#### PROBLEM DETAILS:
From the line holding "1 Gulden 1892" through the line holding "Mit der Erweiterung" below, write out every line exactly; include both of those lines and drop the pictures.

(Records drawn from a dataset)
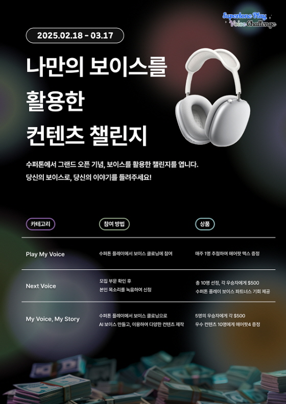 수퍼톤 플레이 보이스 챌린지 공모분야 기획/아이디어/마케팅, 로고송/음악, 기타분야 접수기간2025.02.18 ~ 2025.03.17 D+386 종료 참가자격 제한없음 주최수퍼톤 1등상금(상품)100만원 이하 홈페이지 바로가기 첨부파일 다운로드 유의사항 ※본 내용은 참고 자료로 내용의 오류와 변동에 대해 책임지지 않습니다. (오류 및 변동 신고는 상단의 '제안/오류' 신고를 통해 해주십시오.) ※주최사 사정에 따라 일정 및 내용이 변경될 수 있으니 주최사 홈페이지 등을 통해 관련 안내를 수시로 확인하시기 바랍니다. 상세내용 ■ 제목수퍼톤 플레이 보이스 챌린지 ■ 개요당신의 목소리로 다양한 컨셉의 보이스와컨텐츠를 만들어 도전해보세요!총 $15,000의 상금과 함께, 에어팟 맥스, 에어팟까지지금이 바로 당신의 창의력을 펼칠 순간! 함께 도전하고, 멋진 보상을 받아가세요! ■ 기간 - 신청기간 : 2025년 2월 18일 ~ 3월 17일 ■ 참가자격제한없음 ■ 참여방법 / 접수방법1. Play My Voice보이스 클로닝만 해도?에어팟 맥스 이벤트 자동 참여! 매주 1명 추첨,행운의 주인공이 될 수도 있어요. 2. Next Voice수퍼톤의 공식 보이스가 될 기회!당신만의 특별한 보이스를 세상에 알려보세요!총 10명 선정, 각 우승자에게 $500 상금까지! 3. My Voice, My Story당신의 보이스와 아이디어로 컨텐츠를 만들어보세요!총 5명의 우승자에게 각 $500 상금우수 컨텐츠 10명에게 에어팟4 지급! <신청방법>홈페이지 공고 게시글을 통한 접수https://web.supertone.ai/ko/vc?utm_source=voice&utm_medium=ad&utm_campaign=Play_%ED%99%88%EB%B0%B0%EB%84%88_ko ■ 시상내용 / 혜택 - $500 상금 - 에어팟4 ■ 유의사항자세한 내용은 홈페이지 공고문을 통해 확인하세요. 목록
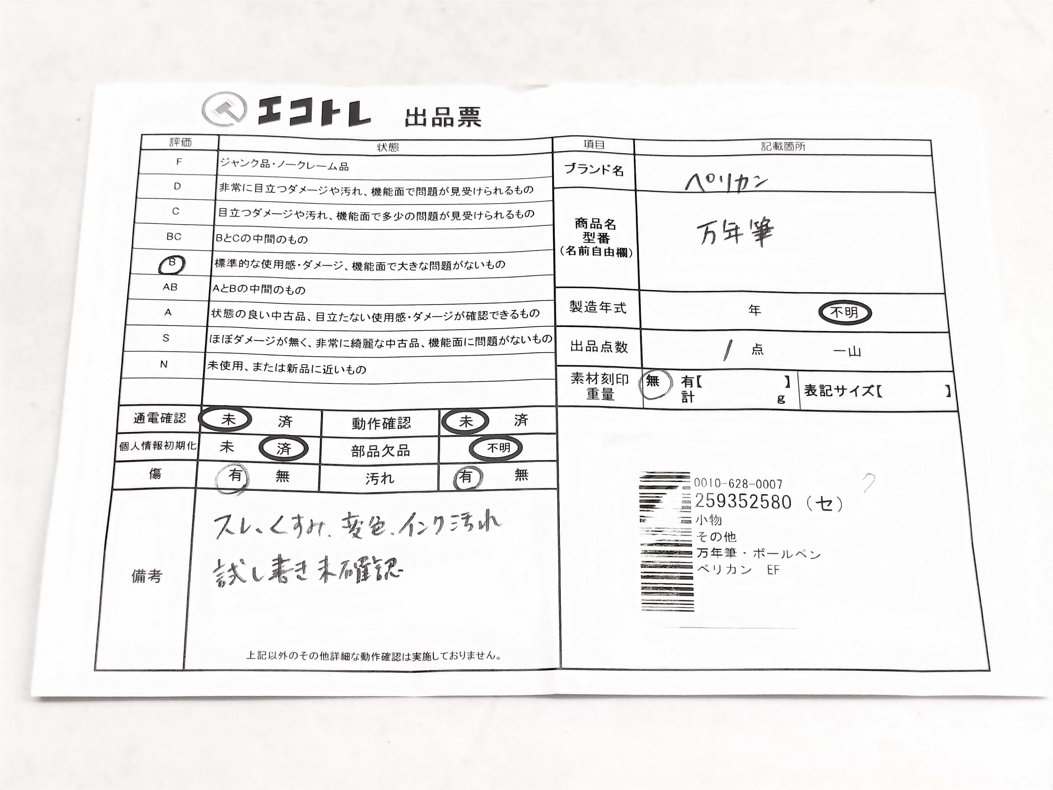 商品内容によって、JITBOXなどでの発送となる可能性がございます事ご理解下さい。年式などの商品情報詳細は写真にてご確認願います。※ご入札の際はご利用規約をよくお読みになってからのご参加お願いします。","タイプライン":"","カテゴリ":"小物","形状コード":"ペン・万年筆","付属品コード":"","シリアル・シール・型番":""
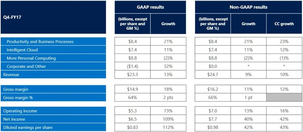 Microsoft übertraf im abgelaufenen vierten Quartal 2017 die Erwartungen der Analysten. Der Umsatz wuchs im Vergleich zum Vorjahresquartal um 13 Prozent auf 23,3 Milliarden Dollar, der operative Gewinn legte im Jahresvergleich von 3,1 auf 6,2 Milliarden US-Dollar zu.
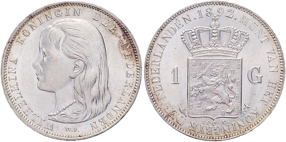 1 Gulden 1892 mmt. hellebaard Sch. 795 Pr / bijna FDC
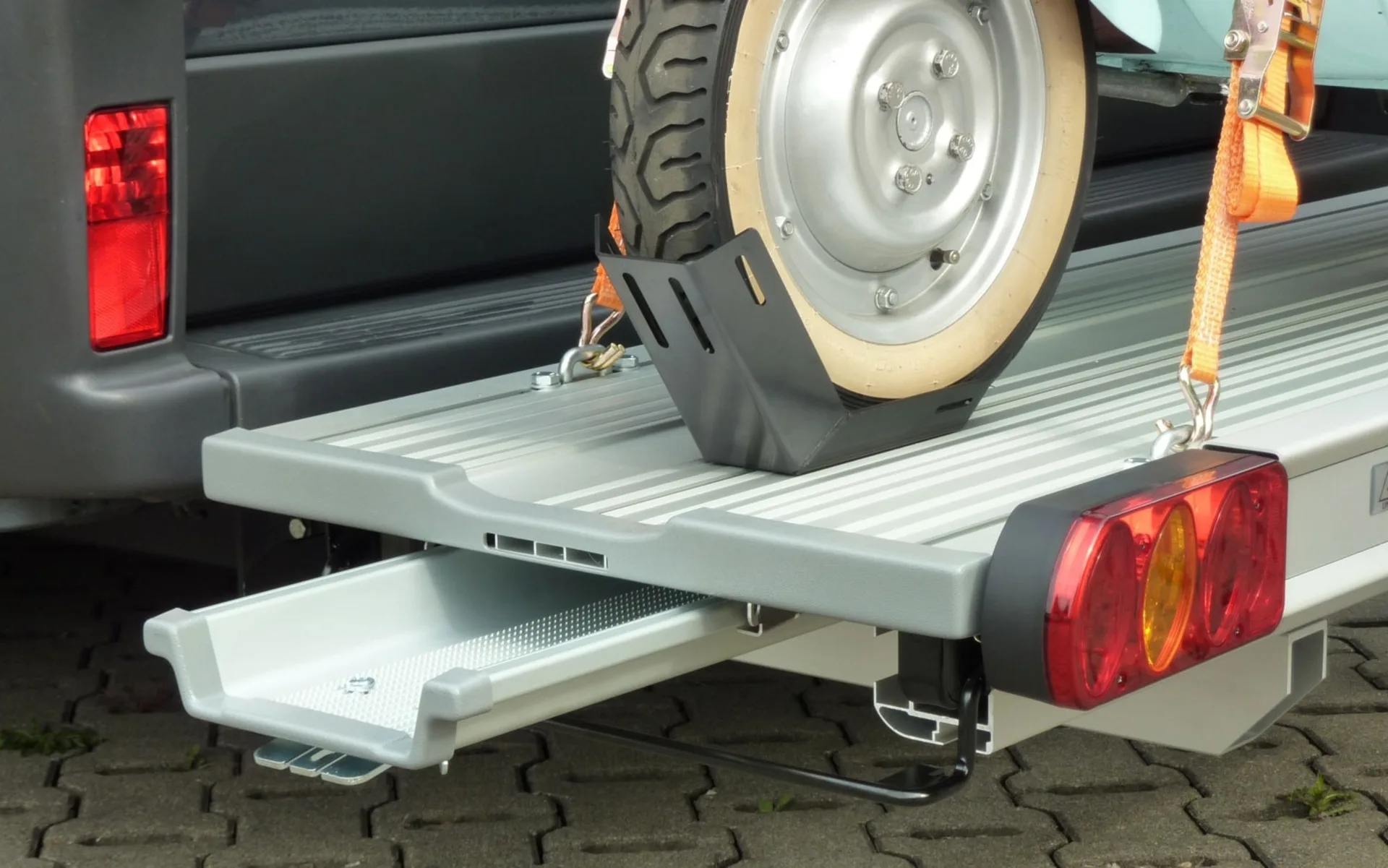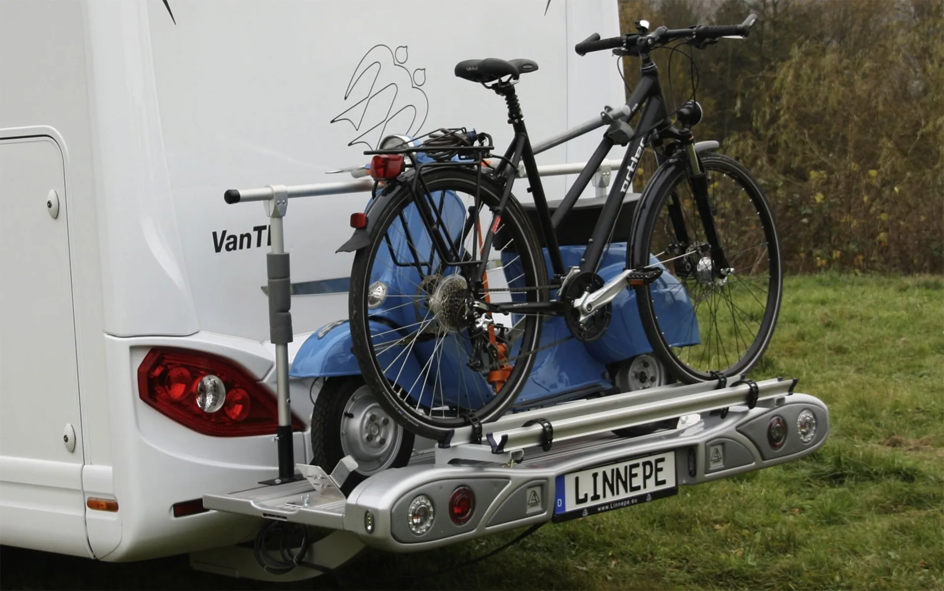 Mit der Erweiterung Fahrradhalter Plus lässt sich der Lastenträger ganz einfach für den Transport von bis zu zwei Fahrrädern zusätzlich zu einem Motorrad oder Roller aufrüsten.
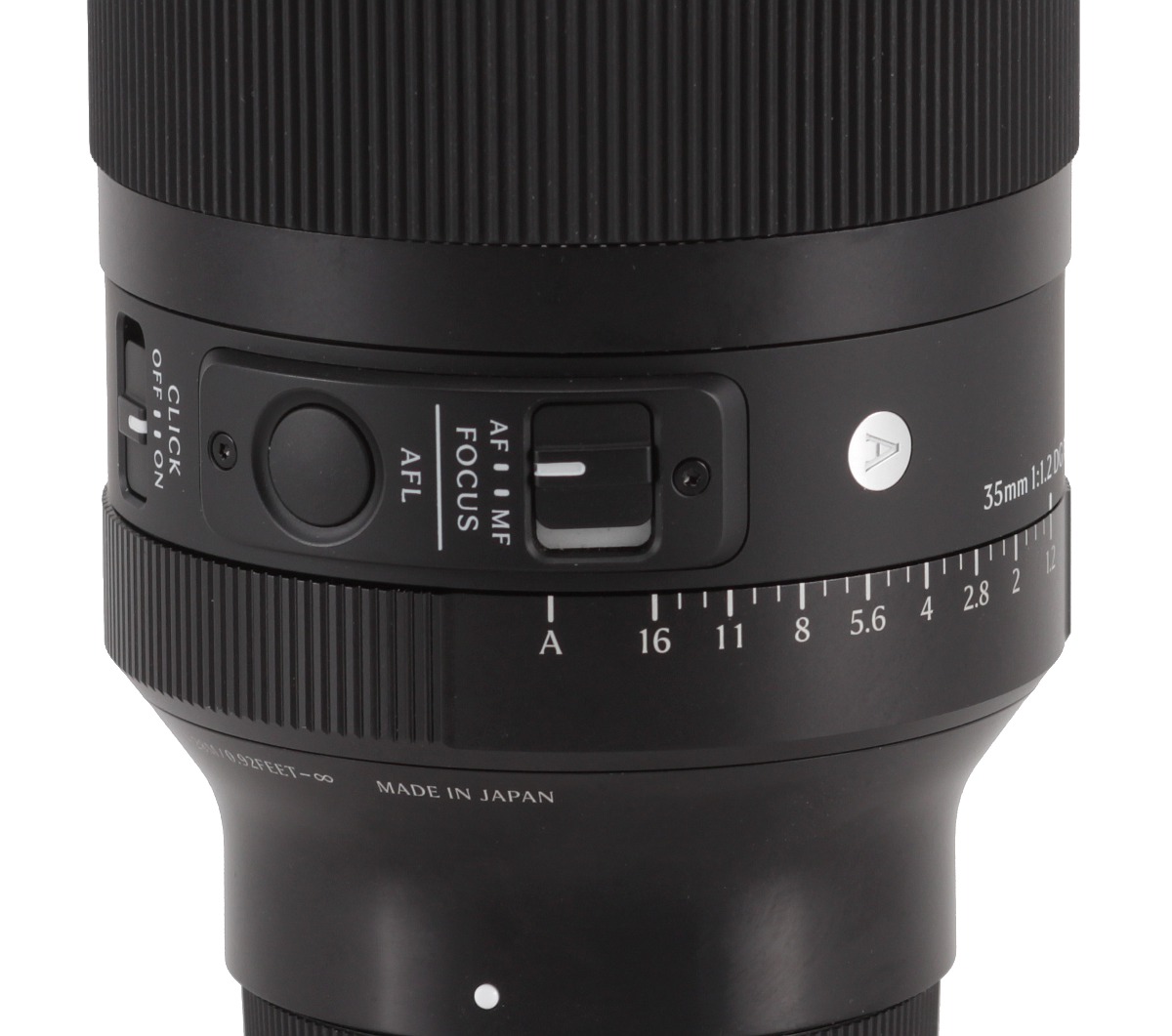 Idąc dalej, natrafimy na nieruchomy i pokryty tworzywem sztucznym element, na którym znajdziemy logo firmy, nazwę i parametry obiektywu, jego numer seryjny, drobne karbowanie, symbol „A”, który oznacza zaklasyfikowanie instrumentu do linii Art, oraz serię przełączników. Pierwszy z nich – AF/MF FOCUS – służy do wyboru trybu pracy mechanizmu ustawiającego ostrość. Drugi – AFL – pozwala na przywołanie odpowiedniej pozycji autofokusa, ale jednocześnie mogą mu być przypisane inne funkcje. Pod nim znajduje się jeszcze przełącznik CLICK OFF/ON, który ustawia tryb pracy pierścienia przysłon. Po drugiej stronie znajdziemy przełącznik blokady pierścienia przysłon albo na pozycji A, albo w przedziale od f/1.2 do f/16.

#### RESULT OF THE TASK:
 1 Gulden 1892 mmt. hellebaard Sch. 795 Pr / bijna FDC
 Mit der Erweiterung Fahrradhalter Plus lässt sich der Lastenträger ganz einfach für den Transport von bis zu zwei Fahrrädern zusätzlich zu einem Motorrad oder Roller aufrüsten.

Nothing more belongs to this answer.